Podstawowym elementem, jaki w myśl art. 53 k.k. sąd powinien brać pod uwagę przy wymiarze kary, jest stopień winy sprawcy (wyrok SA w Lublinie z dnia 17 listopada 1999 r., II AKa 183/99, OSA 2000, z. 4, poz. 25; wyrok SA w Krakowie z dnia 24 kwietnia 2002 r., II AKa 68/02, KZS 2002, z. 5, poz. 45; wyrok SA w Krakowie z dnia 30 czerwca 2011 r., II AKa 107/11, KZS 2011, z. 9, poz. 42). Na stopień winy wpływają wszelkie te okoliczności, które decydować będą o zakresie swobody sprawcy w wyborze i realizacji zachowania zgodnego z prawem. Nie budzi wątpliwości, że w realiach niniejszej sprawy stopień zarzucalności (karygodności) zachowania oskarżonego był znaczący. W świetle prawidłowych ustaleń Sądu Okręgowego oskarżony miał zachowaną zdolność do rozpoznania znaczenia czynu i pokierowania swoim postępowaniem z racji poziomu rozwoju intelektualnego oraz posiadanego doświadczenia życiowego. Jakości tego stanu nie zmieniał nadto stan po użyciu alkoholu. Oskarżony nie znajdował się także w anormalnej sytuacji motywacyjnej, działał bowiem z chęci łatwego zysku. Analizując jednak okoliczności popełnionego przez oskarżonego przestępstwa, a więc głównie strona podmiotową i przedmiotową jego czynu, można się w nich dopatrzeć pewnych okoliczności umniejszających stopień winy i społecznej szkodliwości czynu.

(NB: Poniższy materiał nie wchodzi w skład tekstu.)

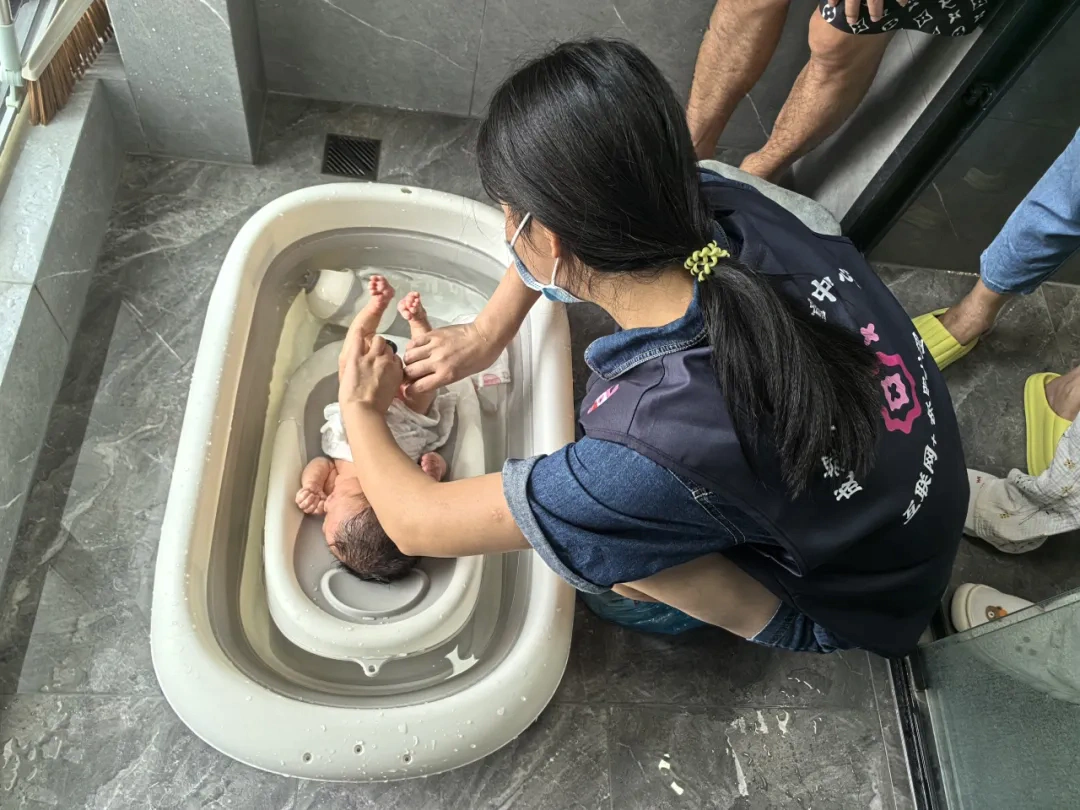 上门护士指导父母为新生儿居家沐浴

Przyjmuje się, że stopień winy jest niższy w przypadku nieumyślności niż umyślności i w przypadku zamiaru ewentualnego niż bezpośredniego, stanu znacznego ograniczenia poczytalności (wyrok SA w Lublinie z dnia 17 listopada 1999 r., II AKa 183/99, OSA 2000, z. 4, poz. 25; wyrok SA w Katowicach z dnia 16 listopada 2000 r., II AKa 306/00, Prok. i Pr.-wkł. 2001, nr 7-8, poz. 13); przekroczenia granic obrony koniecznej (z art. 25 § 2 k.k.) lub stanu wyższej konieczności (art. 26 § 3 k.k.). Za okoliczność wpływającą na zmniejszenie stopnia zawinienia przyjmuje się również działanie w warunkach zaskoczenia, braku czasu na analizę możliwych sposobów reakcji, konieczność szybkiego podejmowania decyzji w warunkach nadmiaru bodźców lub niestandardowej sytuacji faktycznej (por. K. Buchała, A. Zoll, Polskie..., s. 433; Z. Sienkiewicz (w:) M. Kalitowski, Z. Sienkiewicz, J. Szumski, L. Tyszkiewicz, A. Wąsek, Kodeks..., teza 12 do art. 53, s. 88-89).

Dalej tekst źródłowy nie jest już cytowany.